┌──

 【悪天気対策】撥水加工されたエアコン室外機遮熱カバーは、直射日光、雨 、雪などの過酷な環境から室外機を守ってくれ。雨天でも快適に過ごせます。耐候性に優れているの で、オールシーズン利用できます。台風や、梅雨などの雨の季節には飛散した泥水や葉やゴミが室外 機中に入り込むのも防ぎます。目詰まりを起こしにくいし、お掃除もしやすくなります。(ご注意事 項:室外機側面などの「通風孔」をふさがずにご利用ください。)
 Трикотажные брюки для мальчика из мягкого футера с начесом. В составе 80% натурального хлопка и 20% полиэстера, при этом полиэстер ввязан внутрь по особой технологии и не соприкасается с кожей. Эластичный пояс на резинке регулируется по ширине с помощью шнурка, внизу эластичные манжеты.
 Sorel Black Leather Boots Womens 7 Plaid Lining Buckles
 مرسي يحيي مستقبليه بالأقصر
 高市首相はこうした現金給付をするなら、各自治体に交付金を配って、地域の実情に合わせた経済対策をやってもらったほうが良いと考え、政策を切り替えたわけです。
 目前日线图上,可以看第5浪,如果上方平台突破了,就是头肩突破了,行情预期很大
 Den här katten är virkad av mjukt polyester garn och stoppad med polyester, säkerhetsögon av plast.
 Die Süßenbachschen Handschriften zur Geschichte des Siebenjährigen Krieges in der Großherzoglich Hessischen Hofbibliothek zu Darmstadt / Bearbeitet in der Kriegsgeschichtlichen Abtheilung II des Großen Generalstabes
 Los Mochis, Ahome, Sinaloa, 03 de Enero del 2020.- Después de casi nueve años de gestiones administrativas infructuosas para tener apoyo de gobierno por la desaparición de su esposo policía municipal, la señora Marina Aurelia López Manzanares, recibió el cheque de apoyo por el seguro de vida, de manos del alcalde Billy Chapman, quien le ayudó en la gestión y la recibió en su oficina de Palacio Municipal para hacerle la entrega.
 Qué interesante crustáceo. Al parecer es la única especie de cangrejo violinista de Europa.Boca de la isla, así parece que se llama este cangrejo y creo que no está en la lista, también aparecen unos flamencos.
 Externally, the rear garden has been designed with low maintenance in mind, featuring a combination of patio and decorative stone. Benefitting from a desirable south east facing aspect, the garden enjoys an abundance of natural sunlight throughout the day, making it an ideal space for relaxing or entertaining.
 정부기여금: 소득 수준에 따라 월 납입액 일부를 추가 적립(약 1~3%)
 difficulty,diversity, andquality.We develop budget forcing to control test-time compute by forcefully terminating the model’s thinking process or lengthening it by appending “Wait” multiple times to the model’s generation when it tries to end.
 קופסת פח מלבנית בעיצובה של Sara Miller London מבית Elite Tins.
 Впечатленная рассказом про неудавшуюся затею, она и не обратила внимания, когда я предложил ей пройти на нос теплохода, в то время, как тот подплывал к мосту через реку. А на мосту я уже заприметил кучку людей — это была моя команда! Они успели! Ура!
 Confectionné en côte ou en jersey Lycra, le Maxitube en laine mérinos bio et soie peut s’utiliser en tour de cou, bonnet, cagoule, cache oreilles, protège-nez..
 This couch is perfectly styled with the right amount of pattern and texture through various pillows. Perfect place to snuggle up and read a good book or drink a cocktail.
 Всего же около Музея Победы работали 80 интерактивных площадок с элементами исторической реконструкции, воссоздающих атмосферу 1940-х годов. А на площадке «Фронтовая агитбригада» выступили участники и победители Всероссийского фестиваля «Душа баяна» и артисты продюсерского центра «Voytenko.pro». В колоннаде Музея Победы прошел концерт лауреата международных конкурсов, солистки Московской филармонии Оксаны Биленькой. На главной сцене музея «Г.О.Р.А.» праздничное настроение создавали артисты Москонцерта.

└──

* [ASSIGNMENT]:
I need each line from the listing where the word "with" occurs.

* [EXERCISE OUTPUT]:
 Externally, the rear garden has been designed with low maintenance in mind, featuring a combination of patio and decorative stone. Benefitting from a desirable south east facing aspect, the garden enjoys an abundance of natural sunlight throughout the day, making it an ideal space for relaxing or entertaining.
 This couch is perfectly styled with the right amount of pattern and texture through various pillows. Perfect place to snuggle up and read a good book or drink a cocktail.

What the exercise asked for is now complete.